Would you like to see USS Discovery fire a continuous beam?

  • Yes - I love beams

    Votes: 45 77.6%
  • No - I love bolts

    Votes: 13 22.4%

  • Total voters
    58
Discovery is meant to be a science ship, but I get the feeling the show regards it as being just as powerful as any other class, because we see it coming to the aid of a Shepard class, and it engages the Klingon extremist's flagship, which would probably be less advisable for a pure research platform to do.

Well, isn't that more a function of being able to get to those fights than being able to fight them? The hero ship is the only one fast enough to come and help the bushed Gagarin - but tellingly, she loses that fight, apparently only managing to menace a small BoP out of all the Klingon types involved.
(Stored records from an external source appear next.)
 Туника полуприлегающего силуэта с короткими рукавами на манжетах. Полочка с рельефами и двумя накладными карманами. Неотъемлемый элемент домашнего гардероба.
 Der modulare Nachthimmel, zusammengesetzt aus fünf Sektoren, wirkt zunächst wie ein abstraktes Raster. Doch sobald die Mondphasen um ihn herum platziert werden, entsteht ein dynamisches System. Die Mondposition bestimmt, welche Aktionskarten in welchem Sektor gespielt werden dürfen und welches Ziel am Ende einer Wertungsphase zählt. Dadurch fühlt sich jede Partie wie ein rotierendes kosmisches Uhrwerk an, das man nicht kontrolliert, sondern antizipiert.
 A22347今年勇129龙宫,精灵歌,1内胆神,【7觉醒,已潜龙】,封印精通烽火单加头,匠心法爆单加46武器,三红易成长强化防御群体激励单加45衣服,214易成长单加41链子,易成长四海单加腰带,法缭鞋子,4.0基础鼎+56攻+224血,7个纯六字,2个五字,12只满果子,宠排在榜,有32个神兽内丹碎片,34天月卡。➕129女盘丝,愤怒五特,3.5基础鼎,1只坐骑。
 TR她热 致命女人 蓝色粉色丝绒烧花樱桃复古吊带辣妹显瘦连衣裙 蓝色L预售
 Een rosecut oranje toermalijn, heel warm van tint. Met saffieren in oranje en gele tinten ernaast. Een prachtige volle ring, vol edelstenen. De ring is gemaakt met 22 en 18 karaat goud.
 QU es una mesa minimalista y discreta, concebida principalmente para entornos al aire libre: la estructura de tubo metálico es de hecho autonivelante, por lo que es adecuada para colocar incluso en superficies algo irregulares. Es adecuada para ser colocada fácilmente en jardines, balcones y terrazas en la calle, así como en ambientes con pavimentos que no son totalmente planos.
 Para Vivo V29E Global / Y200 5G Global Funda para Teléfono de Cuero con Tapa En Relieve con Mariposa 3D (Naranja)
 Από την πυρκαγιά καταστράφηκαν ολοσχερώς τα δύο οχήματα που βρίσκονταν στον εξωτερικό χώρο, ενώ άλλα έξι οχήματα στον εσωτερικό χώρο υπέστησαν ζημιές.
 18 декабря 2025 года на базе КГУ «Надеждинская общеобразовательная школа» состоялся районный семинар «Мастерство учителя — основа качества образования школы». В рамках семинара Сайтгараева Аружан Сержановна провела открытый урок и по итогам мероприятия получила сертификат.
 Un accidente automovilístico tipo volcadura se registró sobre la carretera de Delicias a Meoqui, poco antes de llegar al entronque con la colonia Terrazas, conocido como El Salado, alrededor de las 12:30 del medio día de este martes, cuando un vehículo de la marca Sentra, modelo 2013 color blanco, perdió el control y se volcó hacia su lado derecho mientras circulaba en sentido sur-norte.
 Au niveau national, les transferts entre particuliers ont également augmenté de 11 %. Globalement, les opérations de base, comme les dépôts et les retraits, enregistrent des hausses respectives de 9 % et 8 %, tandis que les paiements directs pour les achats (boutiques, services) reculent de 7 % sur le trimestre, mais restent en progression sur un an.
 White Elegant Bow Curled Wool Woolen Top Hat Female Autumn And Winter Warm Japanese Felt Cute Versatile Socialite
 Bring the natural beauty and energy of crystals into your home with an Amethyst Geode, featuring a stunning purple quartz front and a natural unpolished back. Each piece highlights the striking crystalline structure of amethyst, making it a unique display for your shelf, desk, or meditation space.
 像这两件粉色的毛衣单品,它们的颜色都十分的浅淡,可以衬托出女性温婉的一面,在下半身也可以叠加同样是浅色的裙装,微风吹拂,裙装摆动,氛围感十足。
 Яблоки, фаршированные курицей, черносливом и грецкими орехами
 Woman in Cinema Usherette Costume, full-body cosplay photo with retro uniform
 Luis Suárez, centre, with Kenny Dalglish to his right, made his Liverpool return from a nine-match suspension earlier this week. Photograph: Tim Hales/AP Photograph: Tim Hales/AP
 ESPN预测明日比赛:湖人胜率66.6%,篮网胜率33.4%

The Klingon "flagship" in turn came for the heroes. But a lumbering flying cemetery apparently isn't the most fearsome combat opponent imaginable. Especially if unshielded, lurking behind the false security of a cloak.

I say, let the heroes keep on winning that way, using their smarts (if not always technobabble). Given the frugal VFX so far, it may be we won't see much pew-pew from competing Starfleet ships after all, allowing us to believe in their greater firepower with accompanying beefier looks of death rays.

I hope the VFX folks show more hero ship combat action up close, though, up to and including finally deciding where all those torpedoes are coming from...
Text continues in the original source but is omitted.